Entre las cinco motivaciones del paro del 12 de septiembre se lee: “Exigir el respeto y el reconocimiento de las instituciones educativas como territorios de paz” y “ratificar su respaldo (de Fecode) al proceso de paz y el respeto por la JEP”. Gaseoso y político. El Gobierno está cumpliendo los acuerdos, pero aducen que no en dos paros en 15 días, y también la “defensa de la vida”. Lo nuevo son las amenazas a integrantes del comité ejecutivo de Fecode, que no se resuelven con un paro.

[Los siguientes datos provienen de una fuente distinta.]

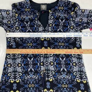 Vince Camuto Mini Dress (Tag Size 6) Womens Navy Blue And Yellow Floral Boho Dress With Tiered Ruffled Sleeves And Tassels NWT Brand New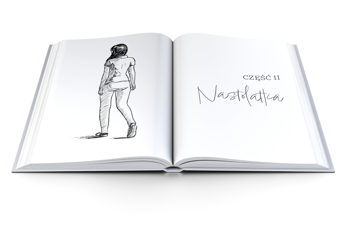 Wnętrze książki zostało zaprojektowane z myślą o komforcie czytania i płynności narracji. Ilustracje, umieszczone na stronach tytułowych kolejnych części, wprowadzają czytelnika w najważniejsze etapy historii. Typografia została starannie dobrana, aby współgrała z ilustracjami i podkreślała emocjonalny przekaz publikacji. Layout jest przejrzysty i elegancki, co sprawia, że treść książki jest jeszcze bardziej angażująca.

Este poder no regulado de decidir si hay o no clases para ocho millones de estudiantes se traslada a los asuntos centrales de la política educativa. Hemos “normalizado” que lo que importa es el monto del presupuesto de educación. Los gobiernos sacan pecho cuando es el más alto. Y Fecode lidera la visión de aumentar el monto a través de una reforma constitucional del Sistema General de Participaciones (SGP).
Pero en realidad el presupuesto de la educación tiene un gran problema: su distribución entre funcionamiento e inversión. De los $43 billones del presupuesto 2020 que se discute en el Congreso, 91% es para funcionamiento y 9% para inversión. Una reforma educativa estructural debería llevar gradualmente la relación a 80% y 20% para elevar la calidad. Como mostró la Comisión del Gasto y la Inversión Pública, estamos “volados” en este indicador fundamental frente a países de referencia.
Lo que tenemos en Colombia es un gasto de funcionamiento alto e inflexible sin incentivos adecuados para elevar la calidad y poca inversión en calidad. La nivelación salarial y los acuerdos con el magisterio nos han llevado a que el costo de la nómina se coma cada vez más los ingresos del SGP. Esta tendencia es insostenible y se refleja en el deterioro físico de miles de instituciones educativas, que menos van a tener para innovaciones pedagógicas que eleven la calidad educativa.
Sin embargo, nos da susto explicarle a Fecode que no podemos seguir aumentando el monto del presupuesto de educación para reproducir la estructura del gasto entre nómina e inversión. Que no es “normal” que hagan paros cuando quieran por los motivos que les plazca ideológica y políticamente, y que los docentes no respondan por el aprendizaje de los niños. Y tampoco es normal dar por perdida la batalla política y cultural por la educación sin haberla intentado siquiera.